Faust 2015 > Ebene 03 Prolog im Himmel
03 Prolog im Himmel 
 
 
 
 
 
 
 
 
 
 
Szenenbild 01
Aus der völlig schwarzen Bühne bildet sich ein großflächiger Sternenhimmel auf  dem Horizontvorhang. Der 1. Satz der Sinfonie Nr. 8 setzt mit voller Lautstärke ein und begleitet als untermalende Bühnenmusik alle Szenen des Prologes. Eine Erdkugel (Durchmesser ca. 2,5m) wird in der Ferne sichtbar. Längen- und Breitengrade aus grobem Stacheldraht. Sie bewegt sich langsam in ihre Endposition. Der Vogel „Corvus Mysticus“ schwebt über den gesamten Bühnenraum.
Szenenbild 02
Das Bild der Mater Agape erscheint im linken Bühnenraum. Diese Gestalt in Verbindung mit dem Vogel „Corvus Mysticus“ symbolisiert eine über Allem stehende Allmacht, als Ebene über Göttern und Menschen
Szenenbild 03
Im rechten Bühnenhintergrund entsteht auf einem kreuzförmigen Projektionsvorhang ein goldenes Kreuz, das sich in die Bühnenmitte bewegt.
Szenenbild 04
„Corvus Mysticus“ nimmt den gesamten Bühnenraum ein. Der Vogel und  Mater Agape entfernen sich in Richtung Horizont.
Szenenbild 05
Das goldene Kreuz wird von einem großflächigen Kreuz aus Stacheldrähten überlagert und verschwinde. Auf dem Kugelgerüst werden die Kontinente der Erde, markiert durch lose aufliegende Tücher, erkennbar. Die kristallinen Gebirgsstruktur analog der letzten Szene „56 Bergschluchten“ bilden sich im Bühnenboden.
 
Szenenbild 06
Mephistopheles betritt mit einem dicken Buch, seinem Almanach, und einem knallroten Stockschirm die Bühne, setzt sich unter dem Kugelgerüst auf den Bühnenboden und beginnt, teilnahmslos zu blättern. Seine Mimik verrät, dass die Lektüre eine Idee in ihm weckt. Mit einer Handbewegung startet er eine Bühnenveränderung. Auf dem Stacheldrahtkreuz entstehen Graphiken, die Folterszenen der mittelalterlichen Inquisition darstellen. Die Einzelblätter werden wie vom Wind durch den Raum gewedelt und erreichen ihre Endposition.

Bild 07
Alle Graphiken des Inquisitionskreuzes. 
Szenenbild 08
Synchron zum Aufbau des Inquisitionskreuzes schweben die Kontinente nach allen Seiten fort und das Kugelgerüst wird als Käfig, als Gefängnis aus geschmiedeten, teils rostigen Stahlstäben, umgeben mit Stacheldraht erkennbar. In ihm ist Panthyrann als „Gott, der Herr“ gefangen. Er steht mit dem Rücken zum Publikum. Die Religionen an sich bzw. die Katholische Kirche im Besonderen als Gefangener der Menschheit. 
Szenenbild 09
Eine kreisförmige Bodenfläche aus Glas bietet Platz für eine große Staffelei, auf der das unfertige Portrait einer Nonne steht. Das Kugelgerüst beginnt sich um die Bodenscheibe zu drehen, die Tagesabläufe symbolisierend. Panthyrann geht die zwei Schritte zur Staffelei, nimmt das Nonnenbildnis und klammert es mit einer Wäscheklammer an einen der Breitengrade. Weitere Nonnenbilder liegen untern dem ersten. Er verstreut einige von ihnen auf dem Boden, nimmt einen Pinsel und beginnt, den Mund einer Nonne knallrot anzumalen.

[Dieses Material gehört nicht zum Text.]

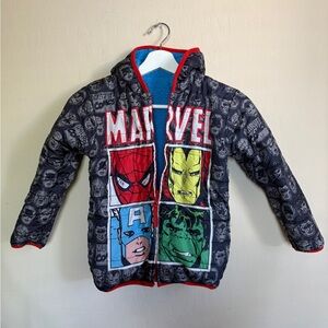 MARVEL Sherpa Reversible Jacket Coat Blue Hooded Boys Size 6 Hulk Spider-Man
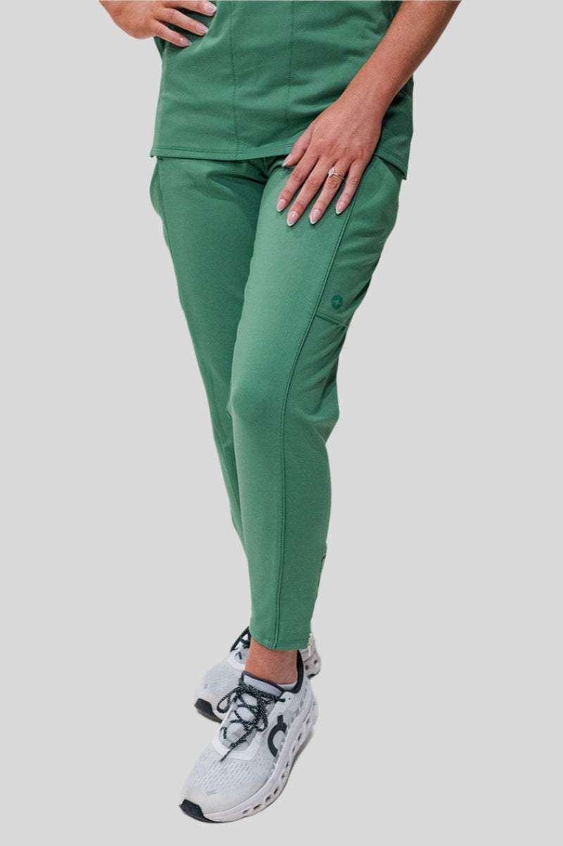 Women's High Waisted, Straight Leg Zip Scrub Pants - Green
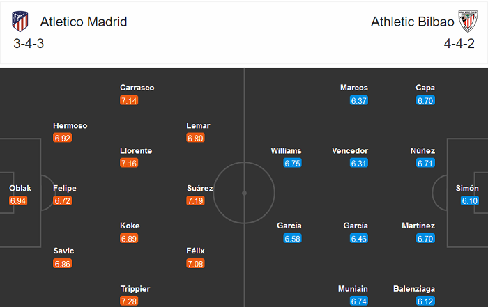 Đội hình dự kiến Atletico Madrid vs Bilbao
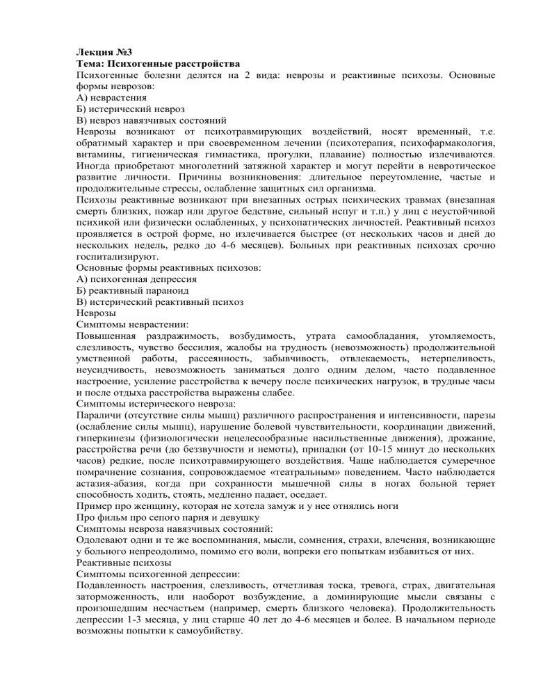 Лекция №3 Тема: Психогенные расстройства Психогенные болезни делятся на 2 вида: неврозы и реактивные психозы. Основные формы неврозов: А) неврастения Б) истерический невроз В) невроз навязчивых состояний Неврозы возникают от психотравмирующих воздействий, носят временный, т.е. обратимый характер и при своевременном лечении (психотерапия, психофармакология, витамины, гигиеническая гимнастика, прогулки, плавание) полностью излечиваются. Иногда приобретают многолетний затяжной характер и могут перейти в невротическое развитие личности. Причины возникновения: длительное переутомление, частые и продолжительные стрессы, ослабление защитных сил организма. Психозы реактивные возникают при внезапных острых психических травмах (внезапная смерть близких, пожар или другое бедствие, сильный испуг и т.п.) у лиц с неустойчивой психикой или физически ослабленных, у психопатических личностей. Реактивный психоз проявляется в острой форме, но излечивается быстрее (от нескольких часов и дней до нескольких недель, редко до 4-6 месяцев). Больных при реактивных психозах срочно госпитализируют. Основные формы реактивных психозов: А) психогенная депрессия Б) реактивный параноид В) истерический реактивный психоз Неврозы Симптомы неврастении: Повышенная раздражимость, возбудимость, утрата самообладания, утомляемость, слезливость, чувство бессилия, жалобы на трудность (невозможность) продолжительной умственной работы, рассеянность, забывчивость, отвлекаемость, нетерпеливость, неусидчивость, невозможность заниматься долго одним делом, часто подавленное настроение, усиление расстройства к вечеру после психических нагрузок, в трудные часы и после отдыха расстройства выражены слабее. Симптомы истерического невроза: Параличи (отсутствие силы мышц) различного распространения и интенсивности, парезы (ослабление силы мышц), нарушение болевой чувствительности, координации движений, гиперкинезы (физиологически нецелесообразные насильственные движения), дрожание, расстройства речи (до беззвучности и немоты), припадки (от 10-15 минут до нескольких часов) редкие, после психотравмирующего воздействия. Чаще наблюдается сумеречное помрачнение сознания, сопровождаемое «театральным» поведением. Часто наблюдается астазия-абазия, когда при сохранности мышечной силы в ногах больной теряет способность ходить, стоять, медленно падает, оседает. Пример про женщину, которая не хотела замуж и у нее отнялись ноги Про фильм про сепого парня и девушку Симптомы невроза навязчивых состояний: Одолевают одни и те же воспоминания, мысли, сомнения, страхи, влечения, возникающие у больного непреодолимо, помимо его воли, вопреки его попыткам избавиться от них. Реактивные психозы Симптомы психогенной депрессии: Подавленность настроения, слезливость, отчетливая тоска, тревога, страх, двигательная заторможенность, или наоборот возбуждение, а доминирующие мысли связаны с произошедшим несчастьем (например, смерть близкого человека). Продолжительность депрессии 1-3 месяца, у лиц старше 40 лет до 4-6 месяцев и более. В начальном периоде возможны попытки к самоубийству. Симптомы реактивного параноида: Острый чувственный бред, сопровождаемый тревогой и двигательным возбуждением. Бред – это объективно ложное суждение (или идея), возникающее у больного без соответствующих вн

Panthyrann hat eine Rolle übernommen, die voller Ironie und auch Selbstironie ist. Er spielt sich selbst, aber nicht aus dem Blickwinkel, wie Gläubige ihn sehen und sehen möchten, sondern aus seinem eigenen, wie er sich als Marionette sieht. Die Menschen haben ihn als allmächtigen Gott ersonnen, verehren und beten ihn an. Er selbst kann darüber nur müde lächeln, denn völlig machtlos und überflüssig kommt er sich vor. Deshalb die an Selbstverachtung grenzende Darstellung seiner Person, die eher an Perversion als an altehrwürdige Priesterschaft denken lässt. Seine Kardinalsmütze erklärt seinen Status. Ansonsten ist er mit einem weißen oberhalb der Knie endenden weißen Hemd bekleidet. Seine nackten behaarten Beine machen die Gestalt nicht gerade ehrwürdiger. Er schaut sich um und bemerkt, dass unzählige Augenpaare im Zuschauerraum auf ihn gerichtet sind. Grinsend bekennt er sich zu seinem schamvollen Aufzug. Er feixt mit dem Publikum, muss über sich selbst lachen.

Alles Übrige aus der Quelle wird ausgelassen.